Background & Motivation¶
Background: RLVR (Reinforcement Learning with Verifiable Rewards) significantly enhances LLM reasoning capabilities with extreme sample efficiency—literature indicates that one or two carefully selected samples can approximate the performance achieved by RL on thousands of samples. Representative methods (e.g., Wang et al. 2025c) select high-value samples by observing the Historical Variance Score (HVS) during small-scale RL training.
Limitations of Prior Work: Selection methods based on training-time signals require running fine-tuning or RL on large candidate pools and necessitate verifiable rewards, which are equivalent to ground truth answers.

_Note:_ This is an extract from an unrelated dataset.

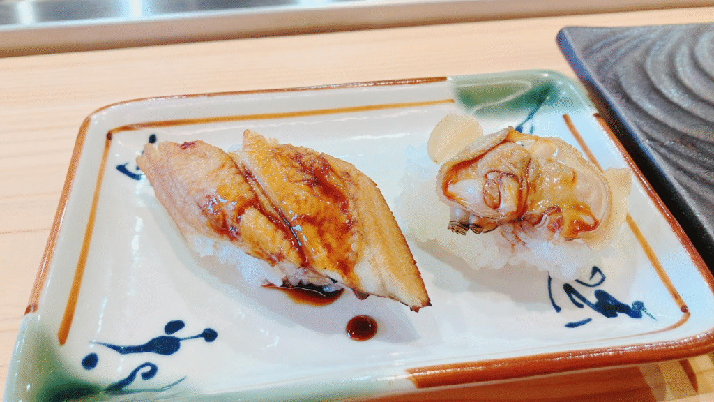 お寿司はカウンターに置かれたお皿に一貫ずつ握って出してもらえるスタイルです。

This is costly and unfeasible in specialized domains like medical reasoning. Classical active learning criteria based on uncertainty or gradients also depend on training feedback, while pre-training signals like difficulty or PPL correlate weakly with reward-driven RLVR utility.

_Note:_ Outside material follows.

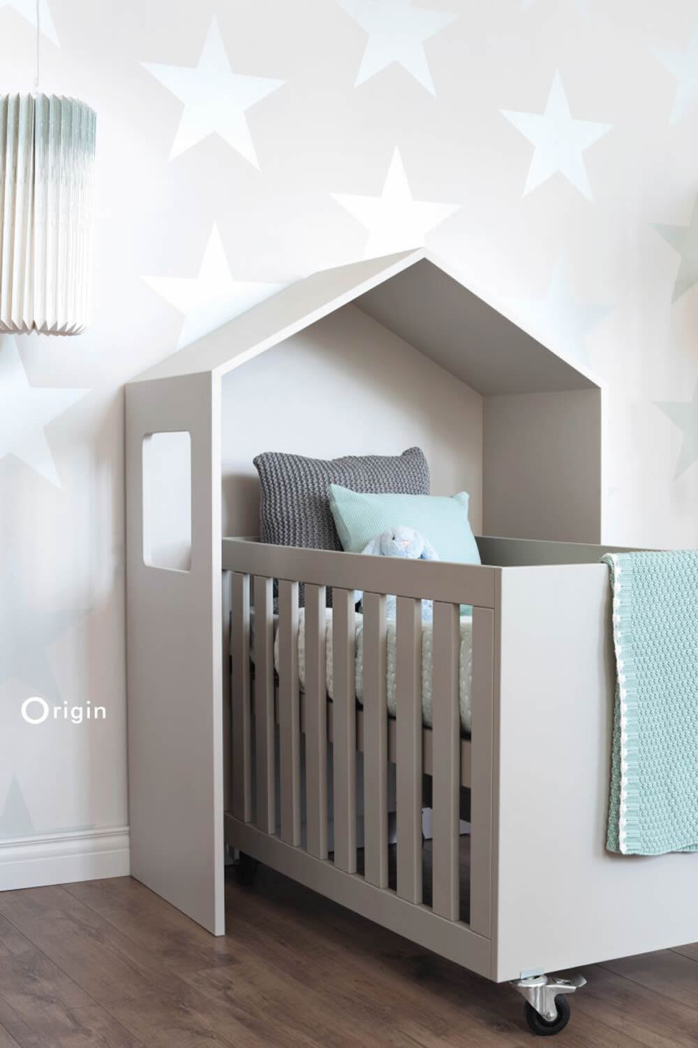 Schaffen Sie ein natürliches Ambiente im Babyzimmer durch die mint-grüne Vliestapete mit feiner Struktur.

Key Challenge: RLVR sample utility is reward-driven; however, during the selection phase, neither rewards nor labels are available, and performing preliminary training is undesirable. Existing active learning signals are built upon post-training or labeled information.

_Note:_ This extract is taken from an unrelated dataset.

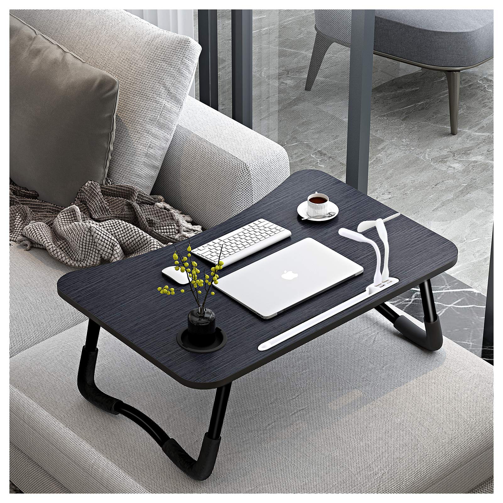"【Multifunctional】- The laptop table is 23.6(L) x 15.7(W) x 10.2(H) inches and can be used on 11-17\" laptops. Laptop bed table with 4 USB charging ports, easy to charge; 1 drawer for stationery or other small items; 1 cup slot, water cup is not easy to spill; 1 pad stand, can hold tablet (side length <9 inches) and phone, convenient for you to watch movies or video calls; additionally, we will send you a USB desk lamp and a USB fan as a gift with the bed table.",
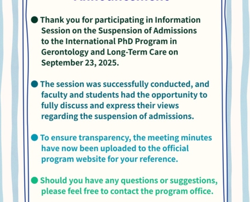 【Meeting Minutes Announcement】Information Session on the Suspension of Admissions to the International PhD Program in Gerontology and Long-Term Care

Goal: Select \(|S|=B\) most promising training samples from a large unlabeled pool in the pre-RL phase without evaluating rewards.
Key Insight: Theoretically, Dherin et al. 2025 equate the context effect of transformer self-attention + MLP to a rank-1 implicit weight update of the first MLP layer, providing an upper bound: \(\|\Delta W(Y)\|_F \le \frac{\|W\|_2}{\|A(C\setminus Y,x)\|_2}\,\|\Delta A(Y)\|_2\). This suggests that "context-induced representation changes" can proxy the "internal learning amount" of the model. Empirically, Liang et al. 2025 confirmed that hidden-state differences before and after CoT can encode non-trivial structures of the reasoning process.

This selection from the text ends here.